# DATASET EXTRACT
+-------+
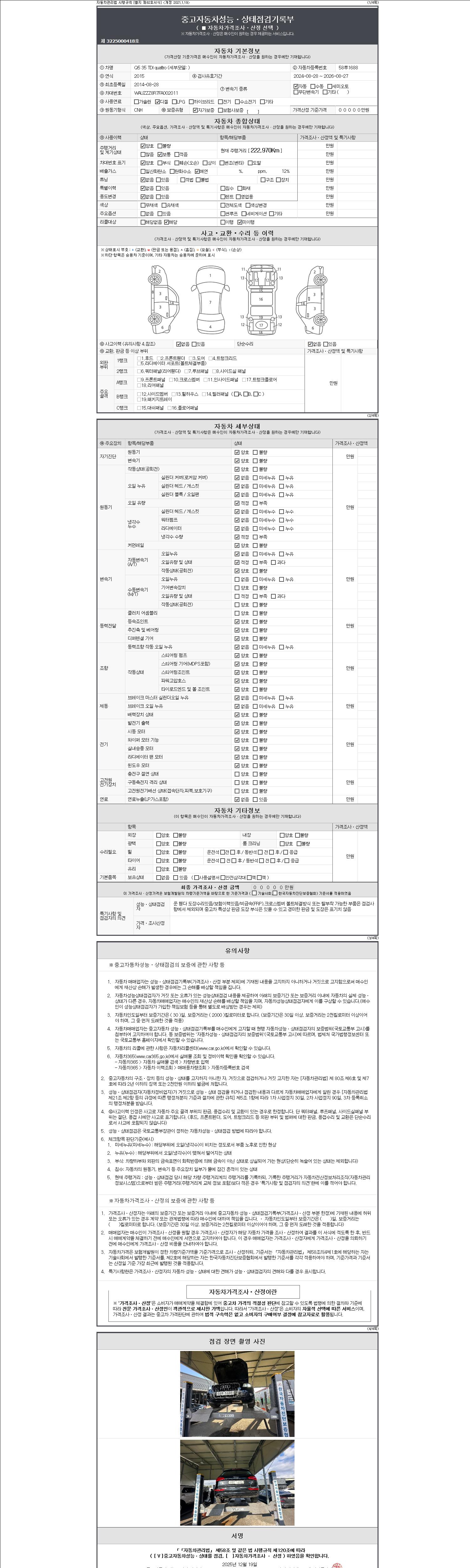 2. 차량 등록증이나 성능점검지 등을 상담자에게 요청및 확인하시고 사전에 미리 점검 하시기를 권유드립니다.
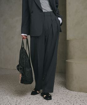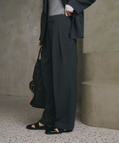 太めのベルトループや深めのインタックを施してきれいめながら抜け感もあり、単品使いでも映える一着に仕上げました。
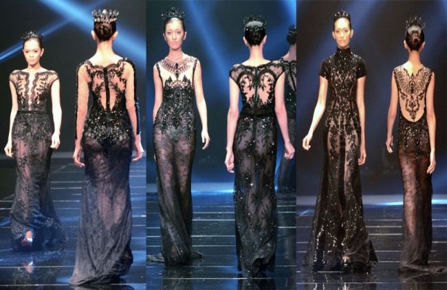 Vestidos pretos by Michael Cinco foram as estrelas do show apresentado este ano, durante a Semana de Moda Filipina, em 22 de maio de 2013. Photo by Peter C. Marquez, InterAksyon.com.
+-------+
# WHAT YOU HAVE TO DO
Repeat the listing verbatim, pictures excluded.

# REPLY
 2. 차량 등록증이나 성능점검지 등을 상담자에게 요청및 확인하시고 사전에 미리 점검 하시기를 권유드립니다.
 太めのベルトループや深めのインタックを施してきれいめながら抜け感もあり、単品使いでも映える一着に仕上げました。
 Vestidos pretos by Michael Cinco foram as estrelas do show apresentado este ano, durante a Semana de Moda Filipina, em 22 de maio de 2013. Photo by Peter C. Marquez, InterAksyon.com.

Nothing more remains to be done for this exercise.